The internet is already a hostile jungle (look at the logs of any server you control). Legalizing hacking won't change that. It will just add a little more immunity to bad actors.
And it's kind of a legalize burglary, so that people will be forced to live in fortified compounds.
The NRA approach to safety and securing yourself and belongings. If everyone has a gun, everyone will be safe. Except for those who once owned guns and after a very scary mishap believe that it's safer to not own guns, and those that have already criminally mishandled guns and used them in commission of serious and violent crimes, and those who after weeks at the shooting range still can't hit the broadside of a barn. Except those people, everyone will be safe. Oh, and children. Screw the children, because they just don't have the mental capacity to understand the consequences that may occur after one shoots another.
I like this plan.

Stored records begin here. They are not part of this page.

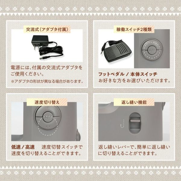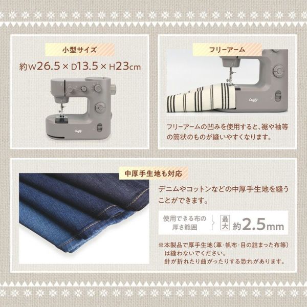 他の画像を見る 送料無料・代引き手数料無料 マクロス 台座付き小型ホームミシン クラッフィー MEH-164 グレージュ 小型ミシン 当店特別価格 ¥ 12,980 税込 送料無料・代引き手数料無料 カートに入れる お気に入りに登録する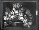 Dorne Martin van - sec. XVIII - Natura morta con vaso di fiori e frutta in un paesaggio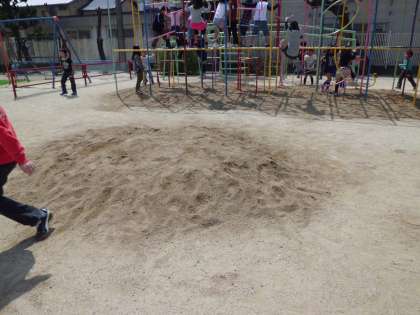 昨日,砂が届きました。遊具の下やでこぼこのところにまきました。ブランコもリニューアルオープンしました。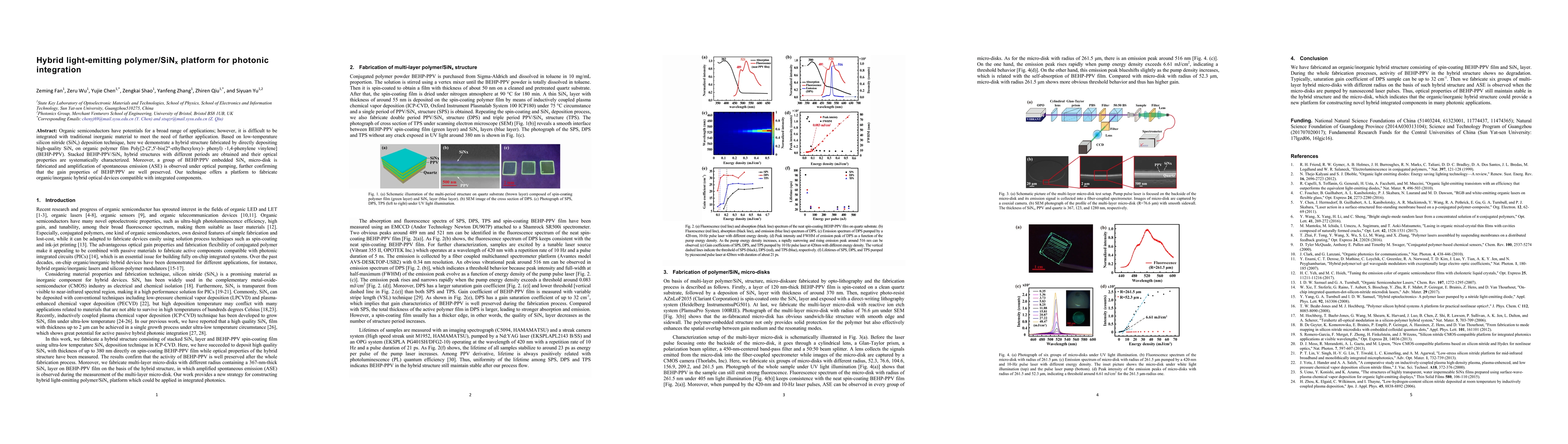 Organic semiconductors have potentials for a broad range of applications; however, it is difficult to be integrated with traditional inorganic material to meet the need of further application. Based on low-temperature silicon nitride (SiNx) deposition technique, here we demonstrate a hybrid structure fabricated by directly depositing high-quality SiNx on organic polymer film Poly[2-(2',5'-bis(2"-ethylhexyloxy)- phenyl) -1,4-phenylene vinylene] (BEHP-PPV). Stacked BEHP-PPV/SiNx hybrid structures with different periods are obtained and their optical properties are systematically characterized. Moreover, a group of BEHP/PPV embedded SiNx micro-disk is fabricated and amplification of spontaneous emission (ASE) is observed under optical pumping, further confirming that the gain properties of BEHP/PPV are well preserved. Our technique offers a platform to fabricate organic/inorganic hybrid optical devices compatible with integrated components.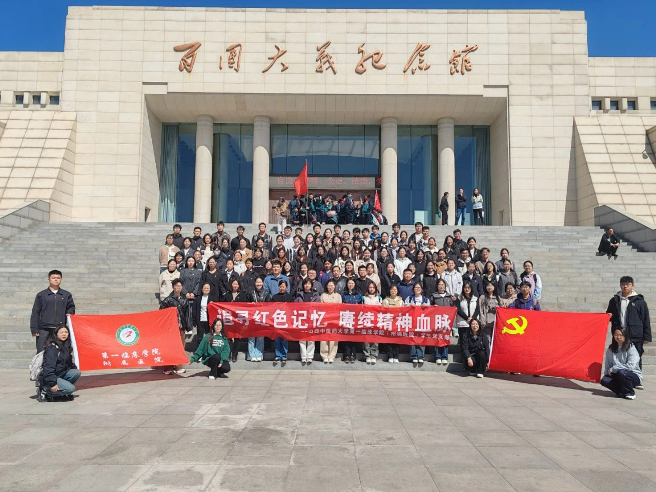 为深入学习贯彻党的二十届三中全会精神,全面践行习近平总书记关于"用好红色资源、赓续红色血脉"的重要指示,激励青年学子传承抗战精神、勇担时代使命,2025年4月2日,第一临床学院(附属医院)学生党支部赴阳泉市百团大战纪念馆开展"追思英烈足迹,淬炼初心使命"主题党课实践教育活动。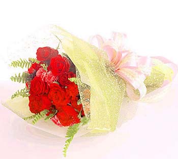 粉色康乃馨(xin)12枝(zhi),白(bai)玫(mei)瑰9枝(zhi),米兰(lan)叶(ye)若干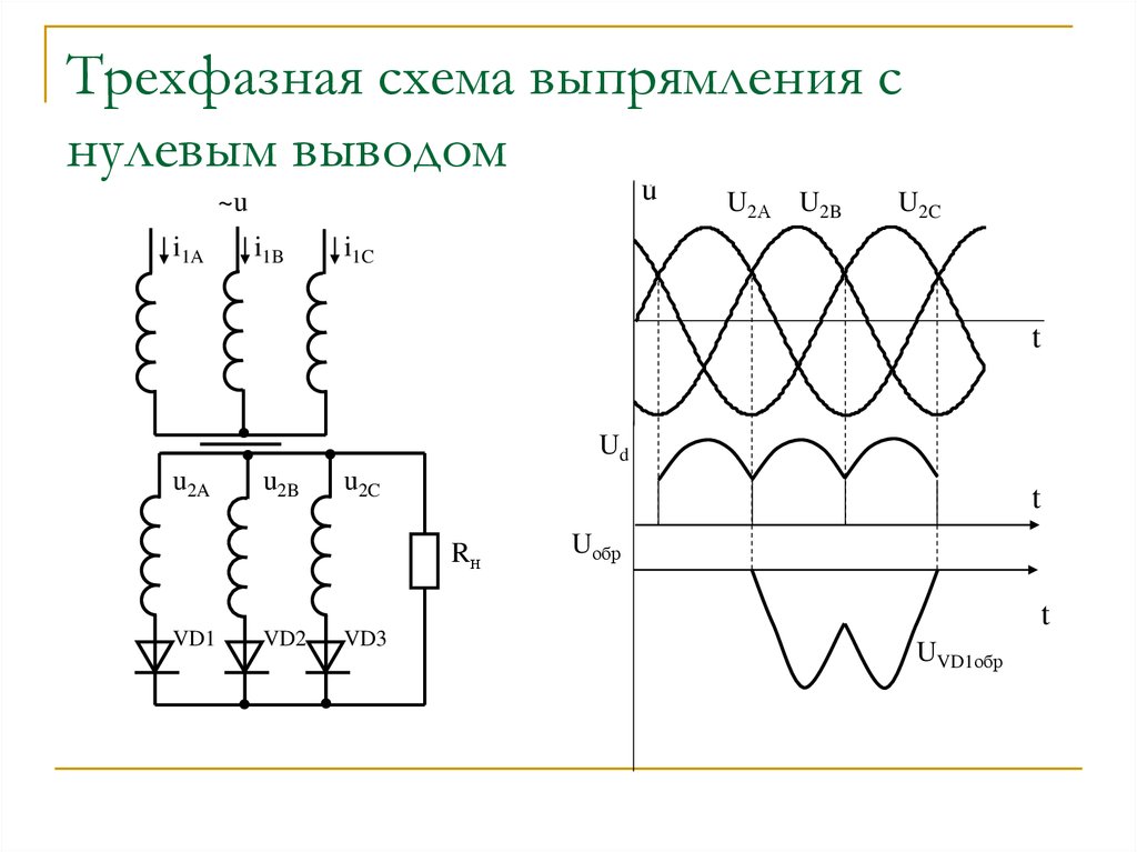 - Многофазное переменное напряжении при выпрямлении дает более «гладкую» форму постоянного напряжения (меньшее напряжение пульсаций) по сравнению с выпрямленным однофазным напряжением.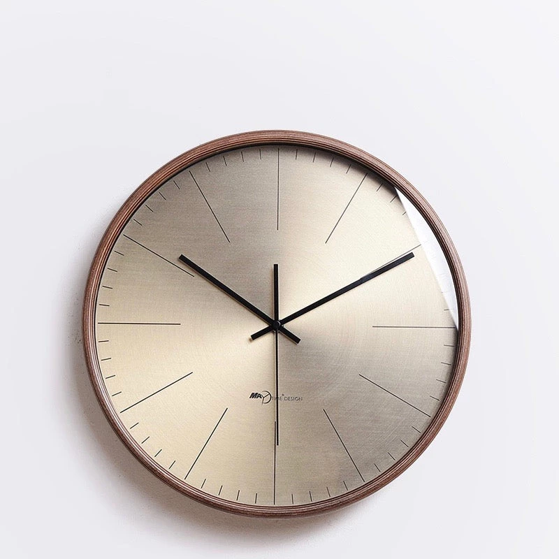 Amplify the visual appeal of a space with this Gold Bauhaus Style Wall Clock. It’s simple yet classy and is probably one of the most sophisticated clocks you’ll find out there. The clock’s clearness and functionality are obvious and admirable. Finished with a wooden frame, this wall-mounted timepiece won’t go unnoticed. The Gold Bauhaus Style Wall Clock is available in three different diameters with numerals or baton options for the hour markers.Â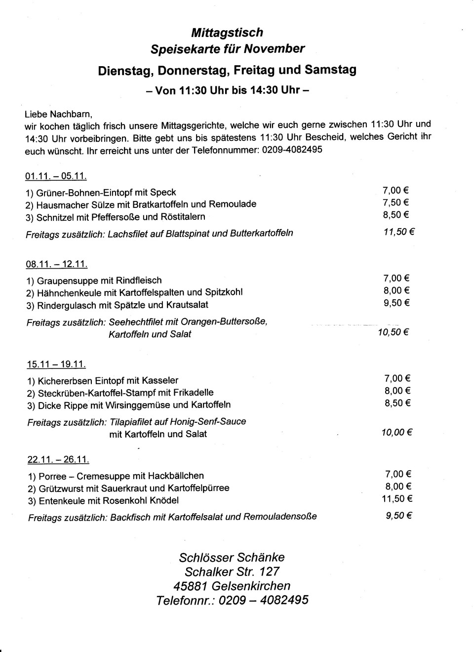 Schlösserschänke Mittagstisch mit Lieferservice 1122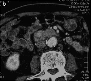 Signet-ring cell carcinoma was first described by Sekoguchi et al. in 1979 [2]. Since then there have been 23 cases previously reported [2, 3, 4, 5, 6, 7, 8, 9, 10, 11, 12, 13, 14, 15, 16, 17, 18, 19, 20]. Histologically, the origin of signet-ring cells remains unknown, but the following hypotheses have been proposed by various investigators. One is that signet-ring cell carcinoma arises from ectopic gastric mucosa found in the duodenum. Gardner et al. and Ramia et al. observed ectopic gastric mucosa peritumorally [3, 10]. Another theory is that signet-ring cell carcinoma arises from areas of gastric-type metaplastic epithelia. These metaplastic changes are considered to be a protective response to elevated acidity and have usually been seen at the duodenal bulb in peptic ulcer patients [21]. In this theory, signet-ring cell carcinoma originates from periampullary duodenal heterotopias of an ulcerative etiology and expands to the ampulla of Vater. In our case, there was no ectopic gastric mucosa found in the peritumoral mucosa, and the patient had no history of peptic ulcer disease.

Can't wait for my father, who can barely figure out how to attach a picture to an email in AOL's webmail to start poking for XSS and CSRF vulnerabilities on the sites his spam mail links to, and changing his username to "1;DROP TABLE users" everywhere.
Cyber weapons are already legal to download and posses, it's a very different story from guns. Imagine if your competition could be legally allowed to steal your trade secrets, clients, employees, but only through hacking. Would you not care enough to invest into security?
Perhaps rather than legalizing hacking, we should inject a common middleman into the vulnerability reporting process. In the US, it could be the Consumer Product Safety Commission. It would ensure that those accepting reports are knowledgeable and treat the report as important and also protect companies from having to deal with random white hats. Serious enough vulnerabilities could result in fines that are partially paid to the reporter as a bounty. It would also protect white hats from threats or retribution since they could remain anonymous if they choose.
We already have a process in place to deal with flaws in products produced by unlicensed entrepreneurs. We just need to extend it to apply to software products and services.
No, it wont. Because people hack right now too. What it would do however, is that people who have ethical considerations would have to step back against people who dont have them. So, prepare for a lot of insider attacks and back doors. Not that those don't exist now, they do. But your proposal would put more advantage to bad actors as they hAve now, so they would get their way more often.